George Leef recently used National Review to highlight Adam Ellwanger’s Martin Center essay on students who treat education as an afterthought. They are describing a real problem. I share their frustration.
But frustration is not the same as explanation.
Ellwanger asks: “If you’re a serious student, it ought to be a priority. And if it isn’t a priority (or if you’re not a serious student), then why do it?”
They do it because they have to. Many students are not seeking intellectual transformation. They are seeking a credential because the labor market told them they need one—told them brutally.
That is not merely anecdotal: Strada and Gallup found that many Americans pursue higher education chiefly for work-related reasons, and Harvard Business School’s research on degree inflation shows that employers often require bachelor’s degrees for jobs that previously did not require them.
For such students, college is less a calling than a requirement: a way to keep a promotion path open, qualify for higher pay, survive HR filters where a real person may never see their résumé, or be considered for jobs that should not even require advanced academic preparation.
To tell such students that they should not be in college unless they can put education first is not rigor.
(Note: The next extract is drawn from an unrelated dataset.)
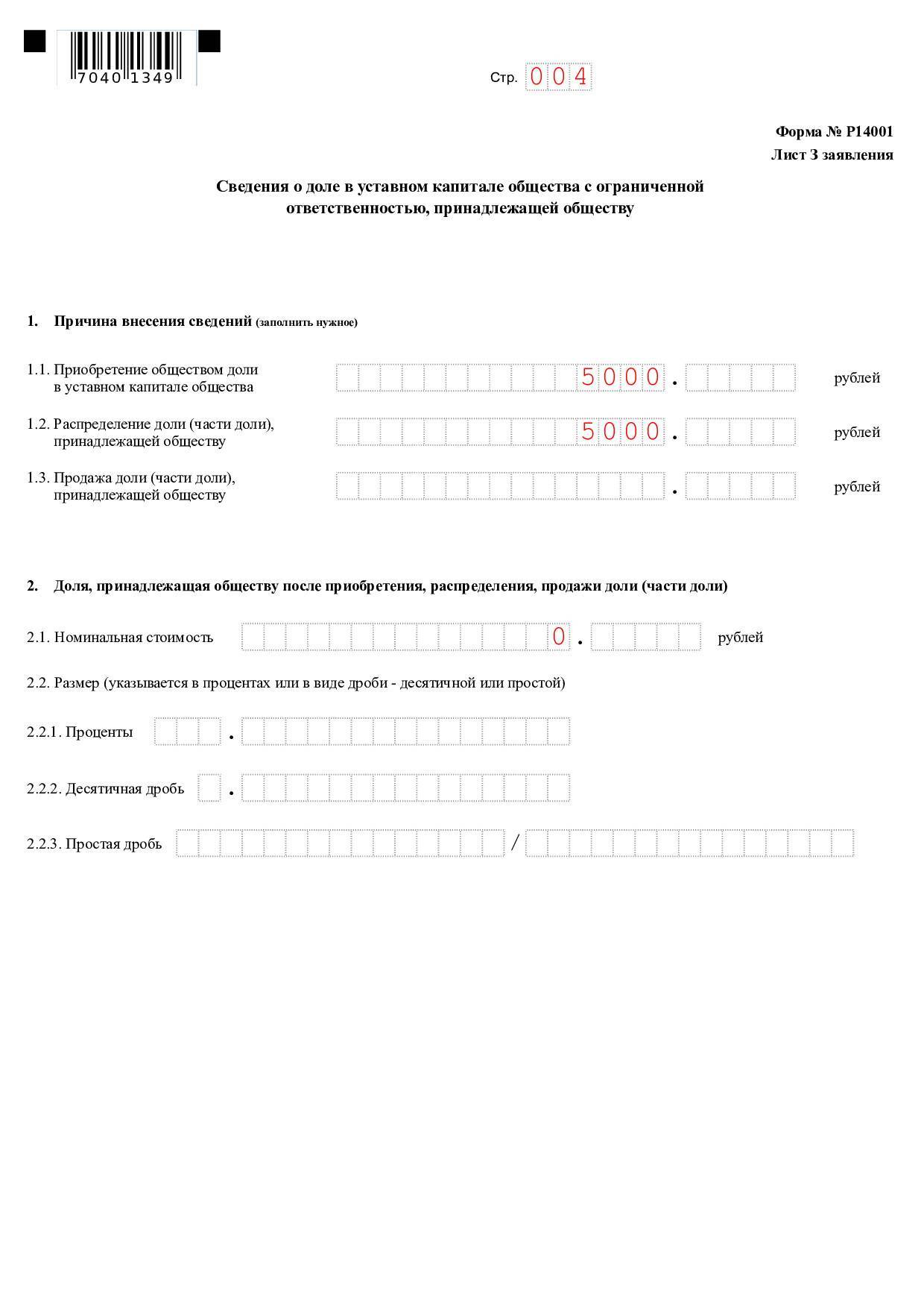 Во всех случаях в форме Р14001 заполняются не все листы, а лишь листы в зависимости от типа изменяемых сведений.
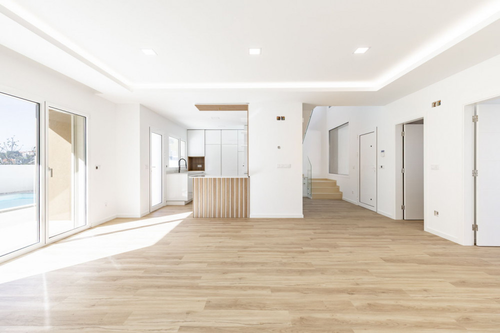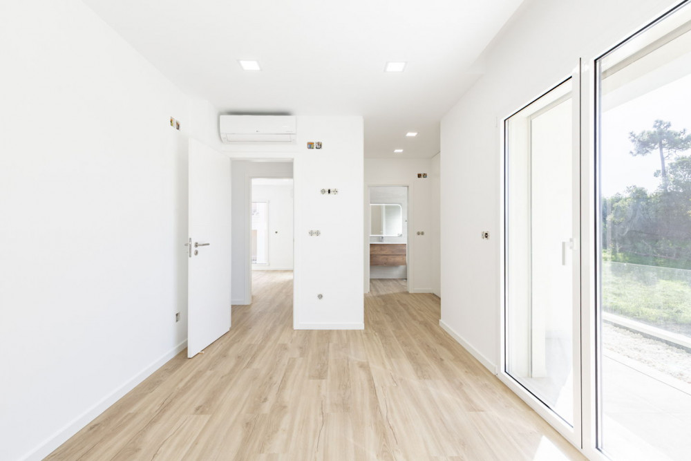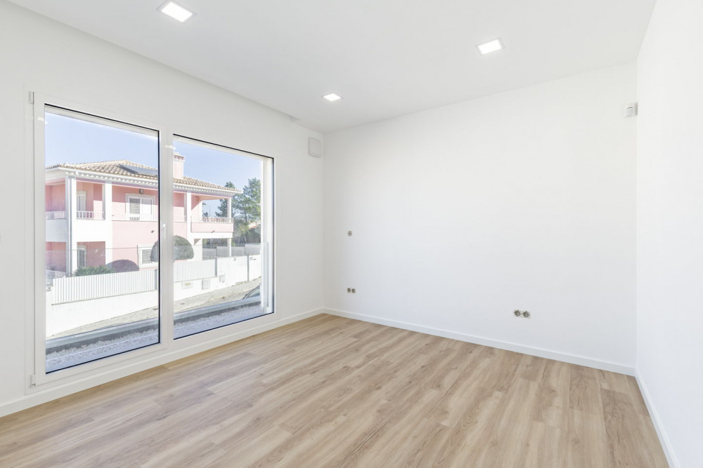 We present an exclusive T4 Villa, with three suites, one bedroom, and 5 bathrooms, located in Charneca de Caparica — a true haven of tranquility and elegance, just minutes from Lisbon and the beaches of Costa da Caparica. With 164 m² of gross area and situated on a 368 m² plot, this property perfectly combines contemporary design, comfort, and nature. Natural light fills each space, the finishes reveal refined taste, and the surroundings convey a rare sense of privacy and serenity — in a highly sought-after residential area, whose geographical location creates a natural condominium atmosphere, where well-being and security coexist with tranquility. Right at the entrance, the welcoming porch and winter garden create an environment that invites you to enter and stay. On the ground floor, the large living room with an open space kitchen (48 m²) is the heart of the house — modern, functional, and full of light. Large glass doors extend the space to the outside, where the pool and leisure area await for moments of pure pleasure. The kitchen, elegant and fully equipped, stands out for the peninsula that combines aesthetics and functionality. On this floor, there is also a multifunctional room, ideal as an office or guest room, a bathroom with shower, and a garage with a laundry area. Going up to the upper floor, comfort takes shape in three bright suites, designed to offer privacy and well-being. The master suite is a true retreat, with a private balcony, walk-in closet, and bathroom with double sink and shower. The two additional suites maintain the same level of detail and refinement, with built-in wardrobes and private bathrooms with windows, ensuring ventilation and natural light in all spaces. The exterior is a natural extension of the house — designed to live, entertain, and relax. The leisure area of about 120 m² is perfect for moments with friends and family. The private pool, porch with barbecue, outdoor shower, and support bathroom create the ideal setting for long summer days. The front garden, with about 75 m², adds charm and balance to the ensemble, complemented by additional outdoor parking. In technical terms, this Villa stands out for its A+ energy certification and a set of equipment that ensures efficiency, comfort, and security: heat pump, photovoltaic panels, pre-installation of air conditioning, central vacuum, alarm system, video intercom, electric shutters, and automated gates. LED lighting, noble materials, and attention to detail reflect a high-quality construction, designed for those seeking more than just a house — they seek quality of life. The location enhances its value: in a quiet and safe area, with quick access to commerce, schools, health centers, main roads, transportation, and beaches, this property offers the perfect balance between family life, privacy, and urban convenience. This is not just a house — it is a property that reflects the affinity that should exist between the consultant and the home it represents. There is a genuine connection, a feeling of identification and admiration that transcends the simple act of selling. Because there are homes that choose us, and this is one of them.

It is tone-deafness dressed up as seriousness. It asks ordinary people to honor an idealized vision of college while living inside an economy that has turned college into a practical necessity.
If a working adult needs a degree to move into a better job, what exactly are we asking when we say education must come first? Is he, in effect, supposed to tell his spouse or children, “Sorry, I cannot pursue the credential this economy requires because I cannot put college ahead of work, rent, caregiving, and family obligations”?